Bei Bio-Ölen ist die Schadstoffbelastung sehr gering. Dies wird durch regelmäßige gesetzlich vorgeschriebene Kontrollen überwacht. Deshalb kann man einen Schwerpunkt auf die höhere Qualität von kaltgepressten Ölen legen. Um einem raschen Ranzigwerden der Öle vorzubeugen, sollten diese kühl und dunkel gelagert und möglichst rasch verbraucht werden.
Bei dem Alnatura Beikostöl werden Saaten von Raps und Sonnenblumen kaltgepresst – ein schonendes Verfahren ohne Wärmezufuhr. Anschließend wird das Öl mit 170 bis 180 °C heißem Wasserdampf behandelt. Im Gegensatz zu vollraffinierten Pflanzenölen bleiben durch das Verfahren der Dämpfung die natürlichen Inhaltsstoffe des Öls besser erhalten. Gegenüber reinen kaltgepressten und nicht nachbehandelten Ölen ist gedämpftes Öl milder im Geschmack und heller in der Farbe.
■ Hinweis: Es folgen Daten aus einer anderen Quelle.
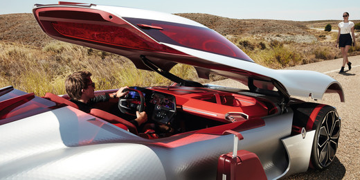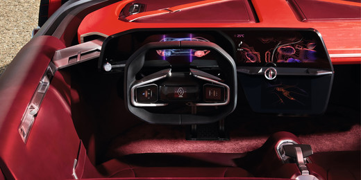 Auto interjera dizains uzsver braukšanas baudu un piedāvā lielu, visaptverošu skārienjūtīgu displeju pastiprinot kokpita sajūtas. Pielāgojamais interfeiss apvieno gan koka, gan ādas materiālus, kas kļūs par iedvesmas avotu turpmākajiem Renault modeļiem izmantojot izsmalcināta stila tendences un viedās tehnoloģijas.

Das Forschungsinstitut für Kinderernährung in Dortmund empfiehlt Rapsöl für die Ernährung von Säuglingen, Kindern und Jugendlichen. Daneben können aber auch Sonnenblumenöl, Maiskeimöl und Olivenöl verwendet werden.
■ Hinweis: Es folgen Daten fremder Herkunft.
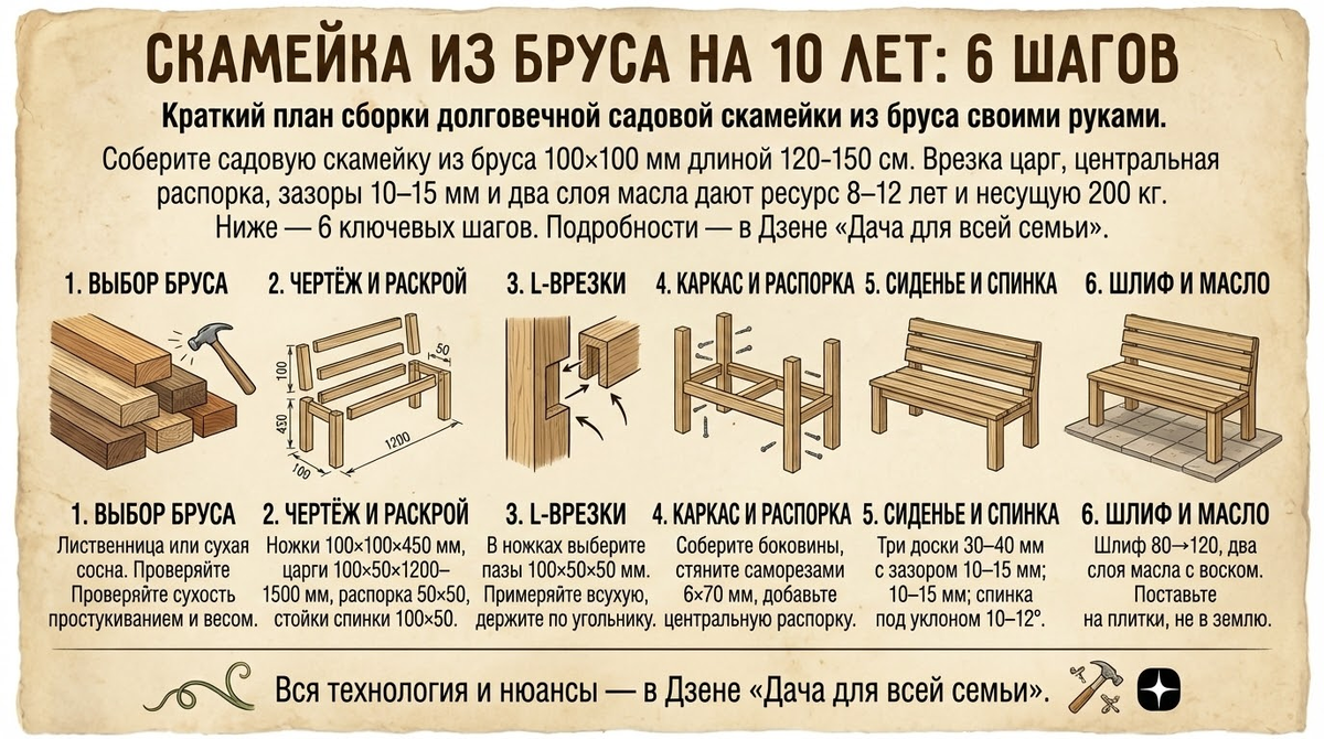 Главное в таких работах — не торопиться на базовых шагах: сухой брус, аккуратные пазы, зазоры и масло. Тогда скамейка не станет сезонной вещью, а спокойно отслужит вам свои годы.

Mehr Infos: http://www.fke-do.de/
Verdünnen der Milch - wieso ist das notwendig?
Kuhmilch unterscheidet sich in ihrer Zusammensetzung erheblich von Muttermilch. So ist unter anderem der Eiweißgehalt wesentlich höher. Es wird daher empfohlen, Kuhmilch im ersten Lebensjahr nur verdünnt zur Zubereitung eines Breies zu verwenden. Bei einem Allergierisiko sollte im ersten Lebensjahr gänzlich auf Kuhmilch verzichtet werden.
Vollkorn - viele Ihrer Produkte sind mit Vollkorngetreide hergestellt. Kann der kleine Säuglingsmagen das überhaupt schon vertragen?
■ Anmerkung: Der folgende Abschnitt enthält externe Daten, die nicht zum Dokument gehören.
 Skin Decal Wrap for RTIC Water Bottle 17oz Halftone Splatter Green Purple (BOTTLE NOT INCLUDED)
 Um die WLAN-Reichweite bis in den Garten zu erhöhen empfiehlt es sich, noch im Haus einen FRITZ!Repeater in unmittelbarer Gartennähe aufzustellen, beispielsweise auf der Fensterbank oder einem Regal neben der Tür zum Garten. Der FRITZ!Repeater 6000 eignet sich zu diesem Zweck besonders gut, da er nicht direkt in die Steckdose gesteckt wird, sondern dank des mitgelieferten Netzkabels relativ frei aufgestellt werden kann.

Vollkorngetreide bietet eine Fülle von wichtigen Nähr- und Inhaltsstoffen: Eiweiß, Fett und Kohlenhydrate, Ballaststoffe, Vitamine, Mineralstoffe und Spurenelemente. Rohes, lediglich gemahlenes Getreide können Babys jedoch nur schwer und unzureichend verdauen. Der Magen-Darm-Trakt ist noch nicht voll ausgereift.
Das Vollkorngetreide, das für die Alnatura Babyprodukte Verwendung findet, wird daher mit Feuchtigkeit und Wärme aufgeschlossen: Die komplexe Getreidestärke wird zerkleinert, teilweise bis in ihre Zuckerbestandteile. Das erleichtert die Verdauung für das Baby erheblich und ermöglicht eine vollwertige Ernährung.
Ziegenmilch - eignet sie sich als Kuhmilchersatz?
Milch von Schafen, Stuten oder Ziegen eignet sich laut Deutscher Gesellschaft für Ernährung (DGE) nicht als Alternative zu Kuhmilch – auch nicht bei bestehender Milcheiweißallergie oder Laktose-Intoleranz –, da sich diese Milcharten in ihrer Milcheiweiß- und Milchzuckerzusammensetzung nicht erheblich von Kuhmilch unterscheiden.
Bei einer vorliegenden Allergie auf Kuhmilch sollten Sie sich generell an Ihren Kinderarzt oder eine Ernährungsfachkraft wenden, um gemeinsam nach Alternativen zu suchen.